01 / WEB-AUDIO / 2026-05-18
Ask Michael
EXPERIMENTAL: chat with AI Michael. Matched sentences play the real YouTube clip; the rest synthesize in his cloned voice.
// why this exists
real-clip retrieval against Michael's YouTube archive plus voice-cloned fallback
How it works
// 01 DPI and pixel density
The pipeline runs in three pieces. (1) scripts/transcribe-youtube-archive.mjs walks src/data/youtube-videos.ts, downloads audio via yt-dlp, runs whisper.cpp small.en, and writes data/transcripts/<videoId>.json with sentence-level timings. (2) scripts/embed-transcripts.mjs reads those files, calls OpenAI text-embedding-3-small per sentence, and upserts into the michael_transcript_embeddings table with an HNSW cosine index. (3) At runtime the widget hits /api/ask-michael for the streamed reply, splits the response into sentences, and fires /api/ask-michael/search-clip for each one. Matches above 0.78 cosine similarity render as deep-linked YouTube clips; the rest get a "play synthesized voice" button that proxies through /api/ask-michael/tts to ElevenLabs.
Phase 1 of the TTS-with-clip-matching experiment. Ask AI Michael any question about the work, the stack, or the build process. Claude Haiku streams the reply. Each completed sentence in the response is embedded and run against an index of every sentence Michael has ever said on YouTube (149 videos, sentence-level transcripts, OpenAI text-embedding-3-small, pgvector cosine similarity). When a sentence matches a real clip with high confidence, the widget links straight to the YouTube moment instead of synthesizing. When it does not, ElevenLabs synthesizes the sentence in Michael's cloned voice on demand.
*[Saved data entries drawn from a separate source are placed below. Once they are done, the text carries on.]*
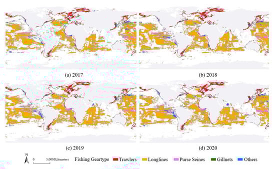 Spatial distribution of global fishing gear from 2017 to 2020.
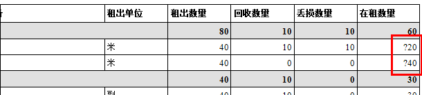 傲藍建筑租賃管理軟件當租出材料是按類別租出的時候,查看租出情況報表時,該材料的在租數量就會有一個問號在數字的前面。初始使用的用戶很多時候會不理解問號的含義,如下圖所示:
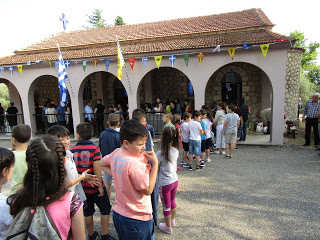 Από νωρίς το πρωί λεοφωρεία, ναυλωμένα από την Αρχιερατική Περιφέρεια Μακρυνείας, με τη σεπτή ευλογία και άδεια του Σεβασμιωτατου Μητροπολίτου μας Αιτωλίας και Ακαρνανίας κκ ΚΟΣΜΆ, μετέφεραν για εκκλησιασμό σχεδόν όλα τα παιδιά των Δημοτικών σχολείων της Αρχιερατικής Περιφέρειας Μακρυνείας και συγκεκριμένα άνω των 350 παιδιών εκκλησιάστηκαν στο παραλίμνιο εκκλησάκι όπου μετά το πέρας της Θείας Λειτουργίας προσφέρθηκαν σε όλα τα παιδιά από μια εικόνα της Αναλήψεως του Κυρίου μας, αλλά και κεράσματα ( χυμός και κρουασάν προσφορά των super market MARKET IN τους οποίους και ευχαριστούμε προσωπικά, αρτοκλασία και γλυκό ) προκειμένου να αναχωρήσουν για τη συνέχιση των μαθημάτων τους.
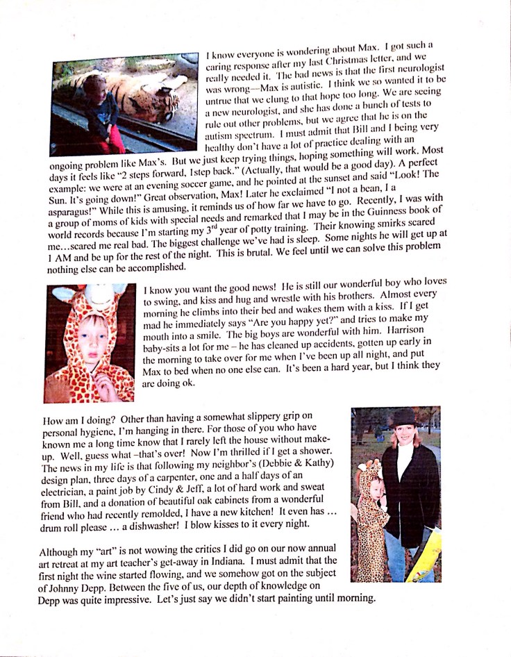 For a good 10 years I was Max’s person. I took care of most of the duties an autistic child requires. Bill contributed with the things he is really good at like research, getting funding and firing people. He was not in the “inner circle” -who was? Me and Max. Of course Bill would take the kids someplace so I could get a nap-but I was “numeral uno”-the “big dog” as my dad likes to say (about himself of course).
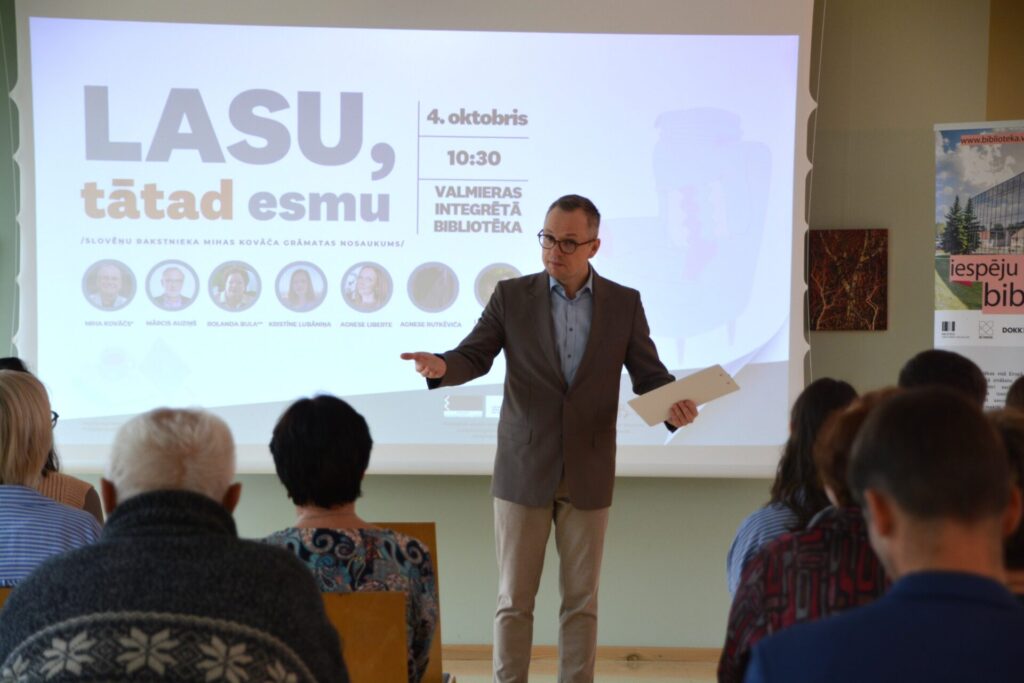 4. oktobrī Valmieras Integrētajā bibliotēkā pulcējās autori, lasītāji, bibliotēkāri un citi grāmatu cienītāji un lasītprieka veicinātāji. Pasākumā “Lasu, tātad esmu”, kas nosaukts slovēņu rakstnieka Mihas Kovāča grāmatas vārdā, notika dažādas sarunas un aktivitātes lieliem un maziem grāmatmīļiem.
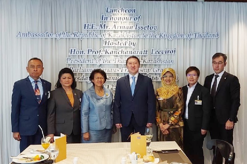 วันพฤหัสบดีที่ 26 มกราคม 2566 เวลา 12.00 นาฬิกา ณ ห้องอาหารปิคโคโล โรงแรมรอยัล ปริ๊นเซส หลานหลวง ศ.พิเศษกาญจนารัตน์ ลีวิโรจน์ สมาชิกวุฒิสภา ในฐานะประธานกลุ่มมิตรภาพสมาชิกรัฐสภาไทย-คาซัคสถาน เป็นเจ้าภาพเลี้ยงอาหารกลางวันเพื่อเป็นเกียรติแก่ H.E. Mr. Arman Issetov เอกอัครราชทูตสาธารณรัฐคาซัคสถานประจำประเทศไทย เพื่อแนะนำคณะกรรมการบริหารชุดใหม่ โดยมีคณะกรรมการบริหารกลุ่มมิตรภาพฯ ไทย-คาซัคสถานเข้าร่วม ได้แก่ น.ส.เพชรดาว โต๊ะมีนา สมาชิกสภาผู้แทนราษฎร ในฐานะรองประธาน พร้อมด้วย น.ส.รังสิมา รอดรัศมี และน.ส.มัลลิกา จิระพันธุ์วาณิช สมาชิกสภาผู้แทนราษฎร ในฐานะกรรมการ รวมทั้งพลตำรวจตรี ปรัชญ์ชัย ใจชาญสุขกิจ สมาชิกวุฒิสภา ในฐานะกรรมการ โดยได้แสดงความยินดีที่เอกอัครราชทูตฯ เดินทางเข้ารับตำแหน่ง ณ ประเทศไทย พร้อมยืนยันที่จะร่วมมือกันเสริมสร้างความสัมพันธ์ระหว่างประเทศไทยและคาซัคสถานให้ครอบคลุมทุกมิติ อาทิ การค้าการลงทุน สังคมและวัฒนธรรม และด้านนิติบัญญัติ
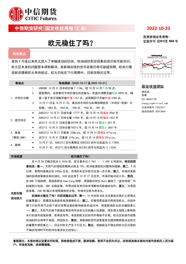 【中信期货】【20221023】固定收益周报(汇率):欧元稳住了吗?-22页
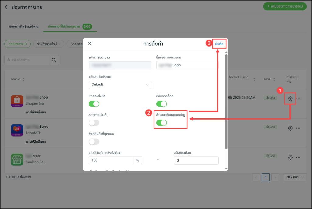 ขั้นตอนที่ 2: หากเชื่อมต่อกับ Shopeeให้คลิกไอคอนฟันเฟือง แล้วเปิดใช้งานตัวเลือก “สำรองสต็อกแคมเปญ” (Reserve Campaign Stock) เพื่อช่วยติดตามสต็อกคงเหลือ และป้องกันการขายเกิน
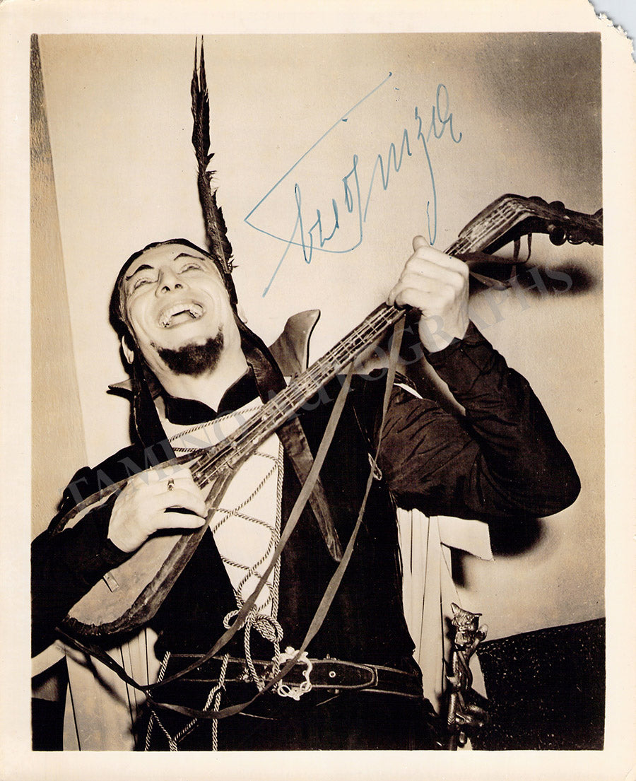 Signed photograph, shown as Mephistopheles in Gounod's Faust. Size is 5 x 7 inches, small crease on bottom right, otherwise in excellent condition.
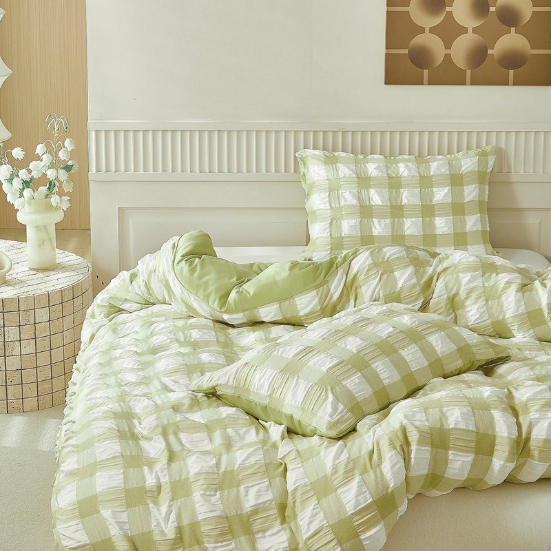 4. Simple checked seersucker bed linen set brings glamorous comfort and style to your bedroom.
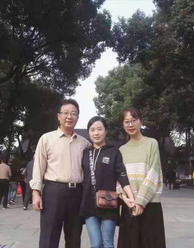 | 朱文琪与父母合影 |
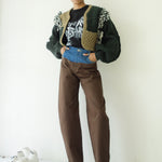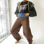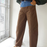 Contrast jean trousers, made from Okayama denim and chocolate brown chinos from Kurashiki-dyed organic cotton. Slightly curved leg silhouette.

Frequently asked questions
Why match against real clips at all?
Synthetic voice is convincing but it is not the real moment. When AI Michael says something he has actually said, the real clip is more honest and more interesting than the synth.
What is the matching threshold?
Cosine similarity above 0.78 against text-embedding-3-small. Tuned conservatively so close-but-not-quite matches fall through to TTS rather than misattributing a clip.
Where do the transcripts come from?
Whisper.cpp small.en running locally on Michael's machine. The transcripts live in data/transcripts/ as plain JSON, regenerated when new videos publish.
What about voice consent?
The cloned voice is Michael's own, cloned through ElevenLabs on his own account using his own audio. No other voices, no impersonation.
Why EXPERIMENTAL?
The infrastructure is built; the index is still small while transcription catches up. Expect rough edges until the archive is fully indexed and the threshold is tuned per category.